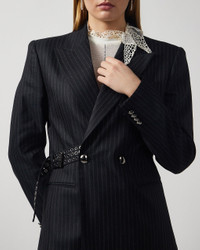 Blazer Nahia from Isabel Marant. Tailored suit jacket in a striped virgin wool blend with seamless stripe detailing for an elegant finish. Features a lapel collar, long sleeves, and a double-breasted front with a removable belt adorned with eyelets. Designed with a chest pocket, piped side pockets, and an inside pocket. The straight cut offers a timeless and sophisticated silhouette – perfect to pair with the matching Noanne trousers for a complete suit look. Size and Fit - Fits true to size, choose your usual size - The model is 172 cm tall and is wearing size FR 38 Specification - Article number - ID: 176301-000 - Brand: Isabel Marant - Color: Black - Washing Instructions: Dry clean - Made of: 84% virgin wool, 16% polyester
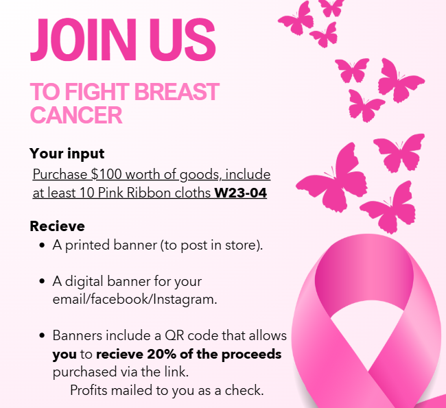 Join us to Rasie Money for Free Mammograms this October! Purchase 10 Pink Ribbon Cloths and we will give a portion to the National Breast Cancer Foundation to help those who cannot afford a screening. We will send you a banner with a link to our retail site, which you would then post in store and on social media. Since each store will have a unique code, we will be able to track sales. As an affiliate marketer, you will receive 20% of the sales that come from the link, PLUS we willl give another 5% of those sales to the NBCF. Your check will be mailed in November. Please add 10 of these to your cart to be automatically enrolled! Feel free to message us with any questions!
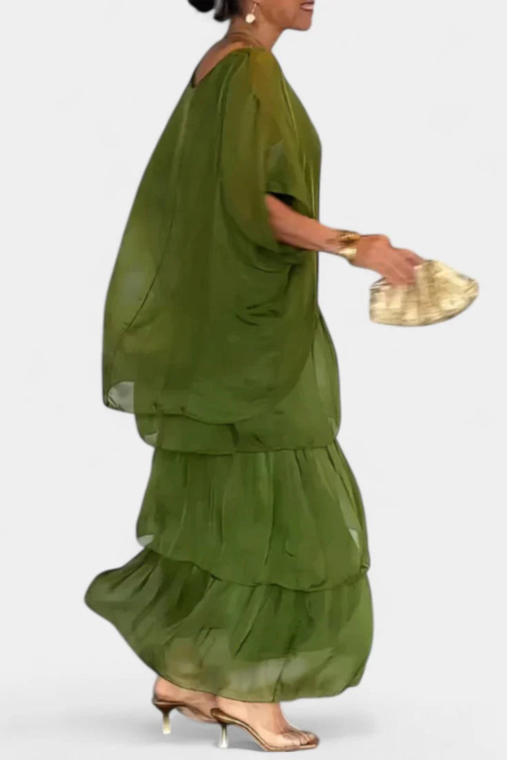 Caroline Vestido Maxi con Volantes y Mangas Murciélago
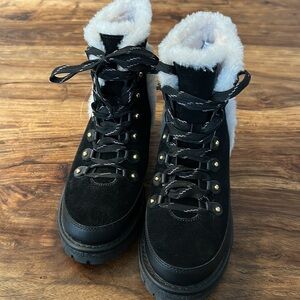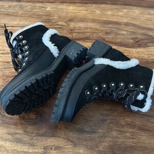 Tory Burch Cooper Suede and Sheep Fur Black Boot Sz8
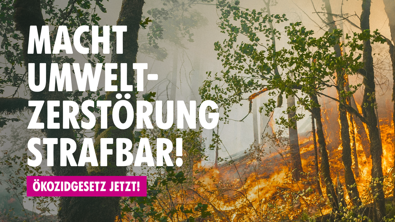 Aber Verbrechen an unseren Ökosystemen, an unseren natürlichen Lebensgrundlagen, an unserem Klima bleiben derzeit noch weitestgehend unbestraft, obwohl sie die Welt als Ganzes berühren. Das muss sich ändern. Wir fordern die Einführung des Straftatbestandes des Ökozids sowohl in das deutsche Strafgesetzbuch als auch auf internationaler Ebene. Wir wollen Umwelt- und Klimazerstörer wirksam vor Gericht bringen!
◇ ◇ ◇ ◇
[YOUR OBJECTIVE]
Quote, exactly and only, the lines from the first line of the data above through the line containing "Tory Burch Cooper". The pictures do not belong in it.

[RESULT BELOW]
 Blazer Nahia from Isabel Marant. Tailored suit jacket in a striped virgin wool blend with seamless stripe detailing for an elegant finish. Features a lapel collar, long sleeves, and a double-breasted front with a removable belt adorned with eyelets. Designed with a chest pocket, piped side pockets, and an inside pocket. The straight cut offers a timeless and sophisticated silhouette – perfect to pair with the matching Noanne trousers for a complete suit look. Size and Fit - Fits true to size, choose your usual size - The model is 172 cm tall and is wearing size FR 38 Specification - Article number - ID: 176301-000 - Brand: Isabel Marant - Color: Black - Washing Instructions: Dry clean - Made of: 84% virgin wool, 16% polyester
 Join us to Rasie Money for Free Mammograms this October! Purchase 10 Pink Ribbon Cloths and we will give a portion to the National Breast Cancer Foundation to help those who cannot afford a screening. We will send you a banner with a link to our retail site, which you would then post in store and on social media. Since each store will have a unique code, we will be able to track sales. As an affiliate marketer, you will receive 20% of the sales that come from the link, PLUS we willl give another 5% of those sales to the NBCF. Your check will be mailed in November. Please add 10 of these to your cart to be automatically enrolled! Feel free to message us with any questions!
 Caroline Vestido Maxi con Volantes y Mangas Murciélago
 Tory Burch Cooper Suede and Sheep Fur Black Boot Sz8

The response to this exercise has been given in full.